╭─ DATASET RECORDS

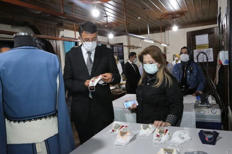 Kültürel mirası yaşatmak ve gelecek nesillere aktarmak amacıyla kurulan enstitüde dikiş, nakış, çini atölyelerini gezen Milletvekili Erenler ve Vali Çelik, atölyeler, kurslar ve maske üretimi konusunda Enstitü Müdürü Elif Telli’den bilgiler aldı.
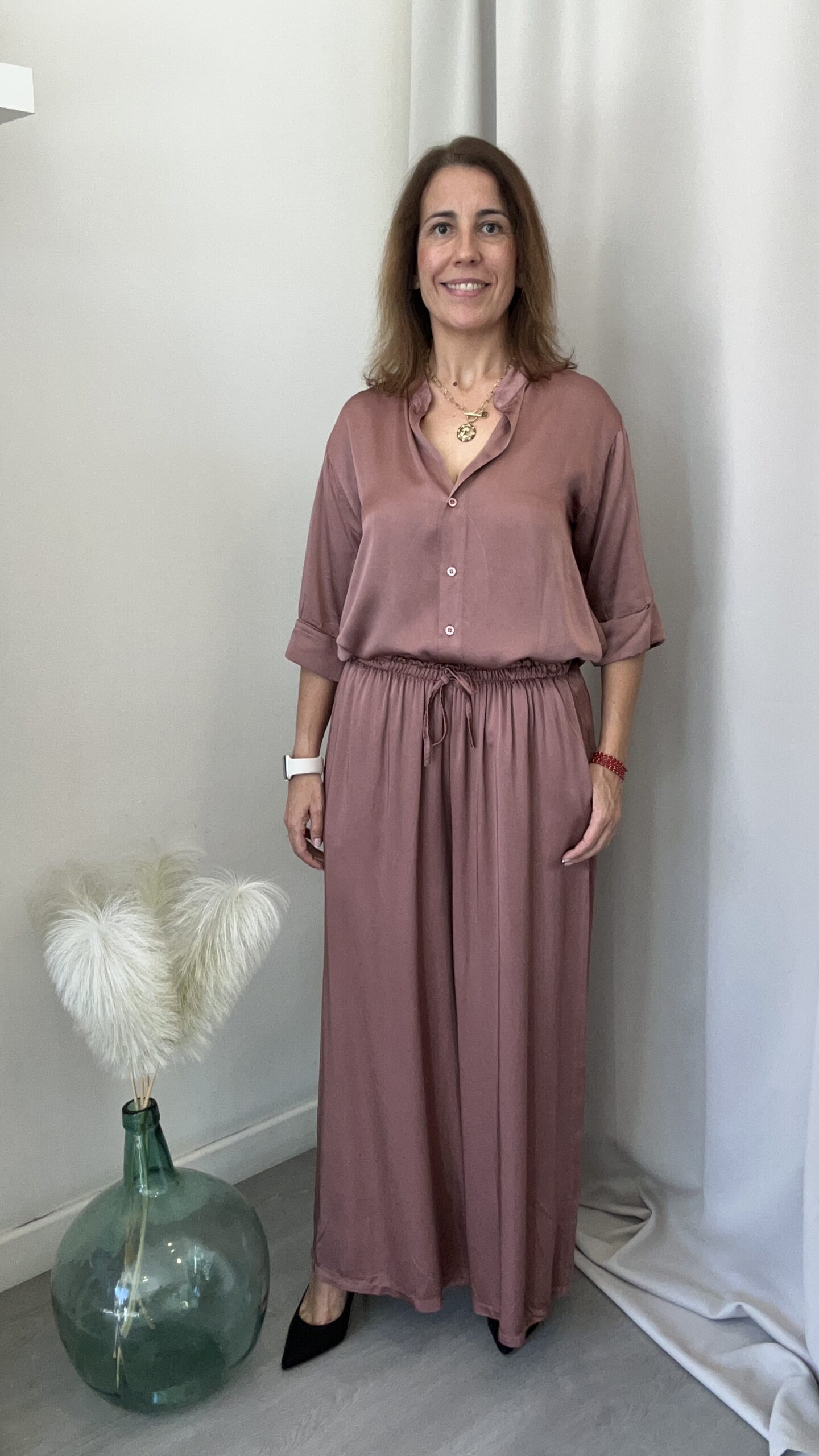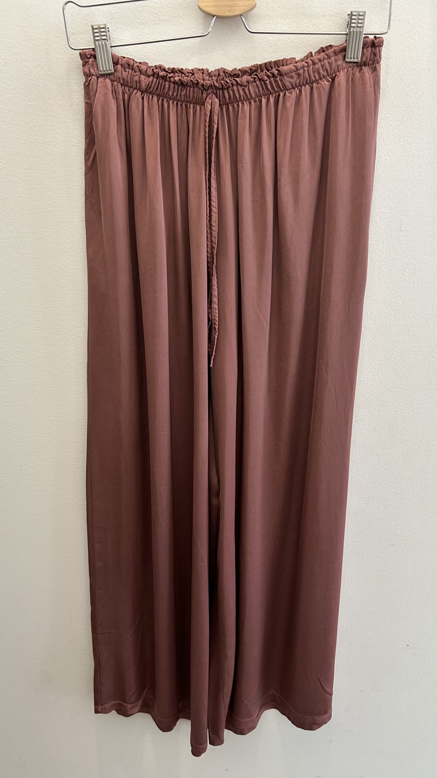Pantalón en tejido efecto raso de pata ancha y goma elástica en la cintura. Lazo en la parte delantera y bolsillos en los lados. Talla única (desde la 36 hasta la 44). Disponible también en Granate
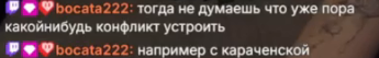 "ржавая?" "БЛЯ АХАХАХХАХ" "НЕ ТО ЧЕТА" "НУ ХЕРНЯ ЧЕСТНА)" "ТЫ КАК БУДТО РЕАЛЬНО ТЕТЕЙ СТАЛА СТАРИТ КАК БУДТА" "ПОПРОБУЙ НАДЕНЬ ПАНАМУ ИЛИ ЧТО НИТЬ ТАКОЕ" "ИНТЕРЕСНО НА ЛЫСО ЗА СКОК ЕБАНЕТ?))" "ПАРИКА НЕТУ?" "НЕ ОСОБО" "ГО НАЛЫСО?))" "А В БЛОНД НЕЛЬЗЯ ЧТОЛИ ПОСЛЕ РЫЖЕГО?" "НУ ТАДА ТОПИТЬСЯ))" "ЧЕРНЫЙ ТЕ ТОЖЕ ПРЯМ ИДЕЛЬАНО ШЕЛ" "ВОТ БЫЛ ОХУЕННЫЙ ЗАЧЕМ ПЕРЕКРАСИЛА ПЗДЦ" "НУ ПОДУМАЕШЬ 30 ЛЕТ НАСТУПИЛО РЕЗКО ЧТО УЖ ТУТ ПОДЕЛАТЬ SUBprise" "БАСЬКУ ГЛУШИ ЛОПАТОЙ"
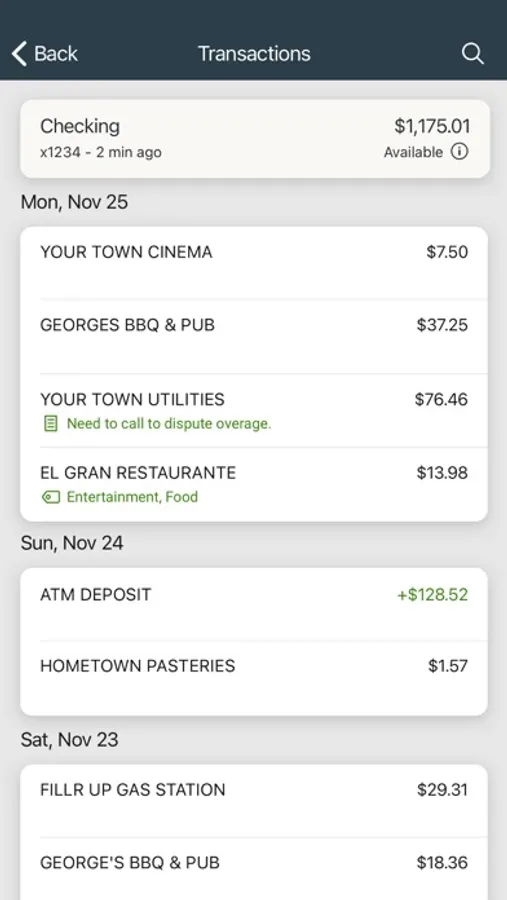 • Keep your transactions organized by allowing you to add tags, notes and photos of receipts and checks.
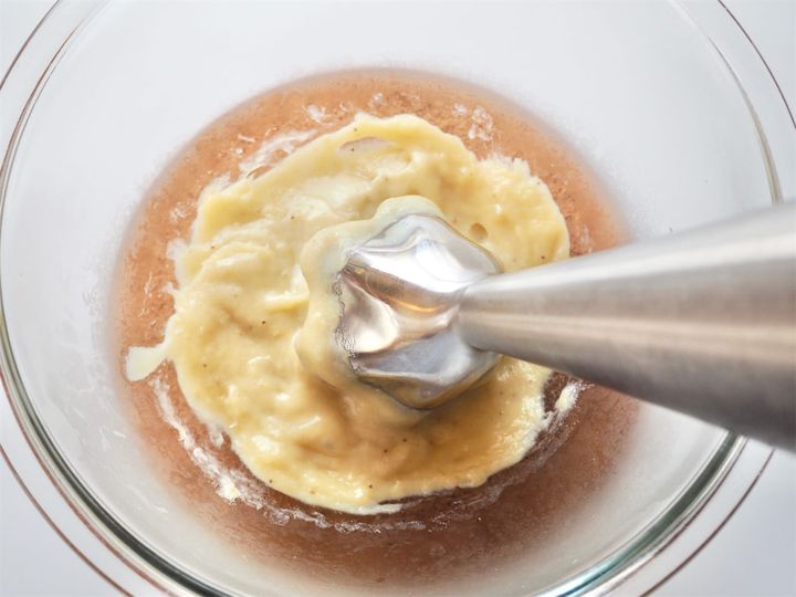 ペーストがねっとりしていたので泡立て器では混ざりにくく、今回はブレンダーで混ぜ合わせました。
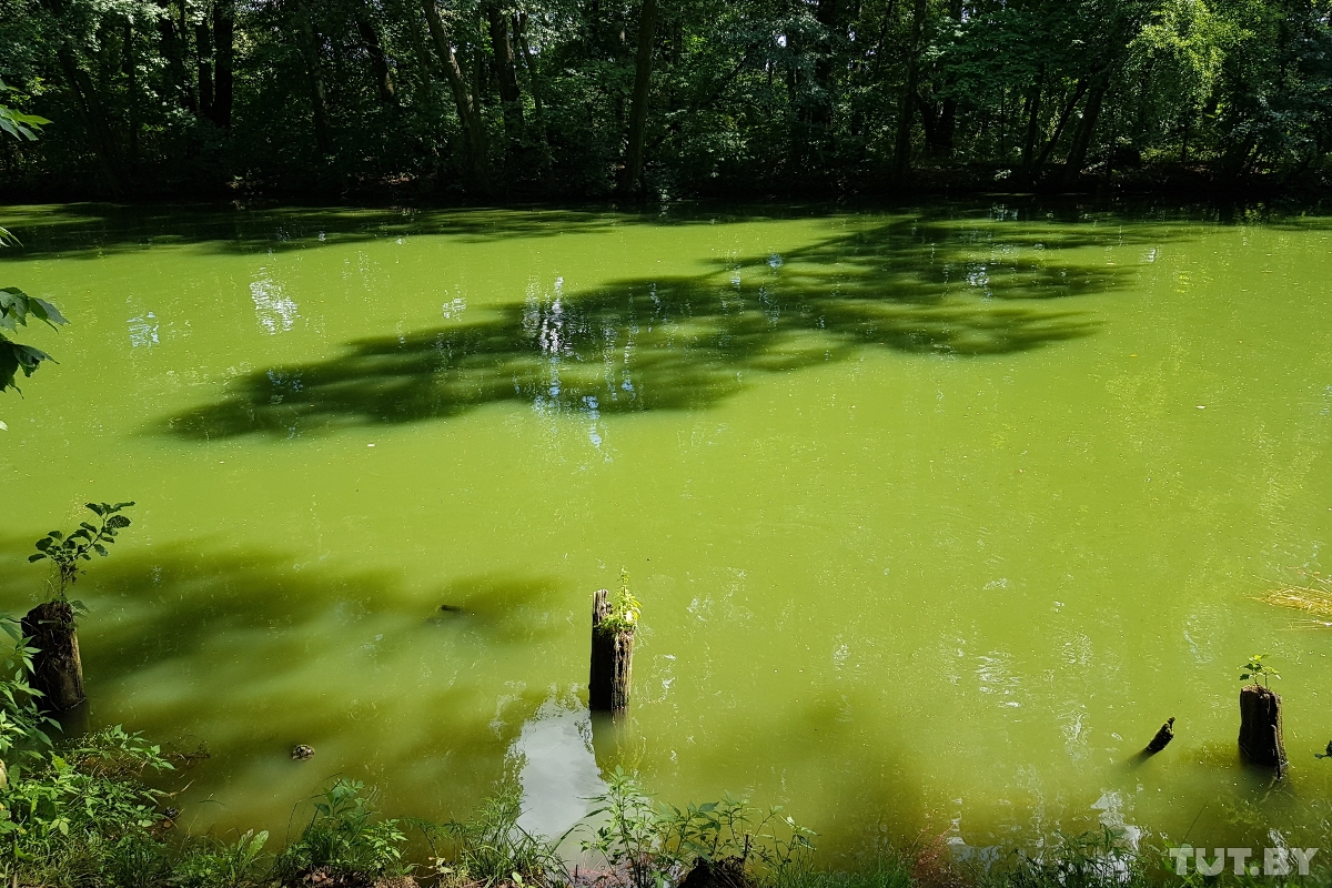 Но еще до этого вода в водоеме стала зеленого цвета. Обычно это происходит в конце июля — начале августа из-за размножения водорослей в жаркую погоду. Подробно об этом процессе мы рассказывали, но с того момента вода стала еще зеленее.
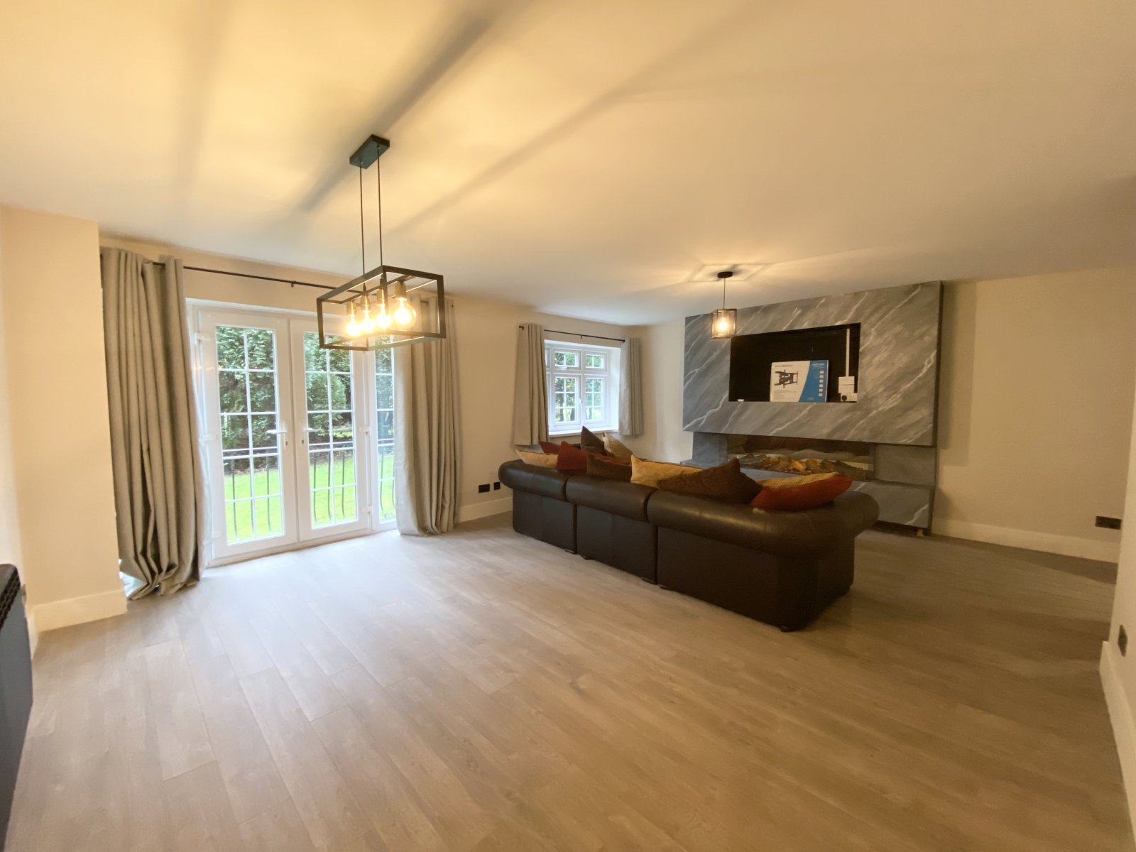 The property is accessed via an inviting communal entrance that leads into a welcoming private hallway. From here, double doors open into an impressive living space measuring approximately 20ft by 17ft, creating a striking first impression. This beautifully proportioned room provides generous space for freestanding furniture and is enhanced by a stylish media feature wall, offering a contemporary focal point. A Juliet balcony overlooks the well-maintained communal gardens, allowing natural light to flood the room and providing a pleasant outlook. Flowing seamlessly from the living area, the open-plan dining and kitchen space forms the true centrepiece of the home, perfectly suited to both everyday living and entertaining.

╰─

» **BRIEF**:
Word for word, repeat only the lines from the line containing "Но еще до этого" through the end of the data, without any pictures.

» **EXPECTED OUTPUT**:
 Но еще до этого вода в водоеме стала зеленого цвета. Обычно это происходит в конце июля — начале августа из-за размножения водорослей в жаркую погоду. Подробно об этом процессе мы рассказывали, но с того момента вода стала еще зеленее.
 The property is accessed via an inviting communal entrance that leads into a welcoming private hallway. From here, double doors open into an impressive living space measuring approximately 20ft by 17ft, creating a striking first impression. This beautifully proportioned room provides generous space for freestanding furniture and is enhanced by a stylish media feature wall, offering a contemporary focal point. A Juliet balcony overlooks the well-maintained communal gardens, allowing natural light to flood the room and providing a pleasant outlook. Flowing seamlessly from the living area, the open-plan dining and kitchen space forms the true centrepiece of the home, perfectly suited to both everyday living and entertaining.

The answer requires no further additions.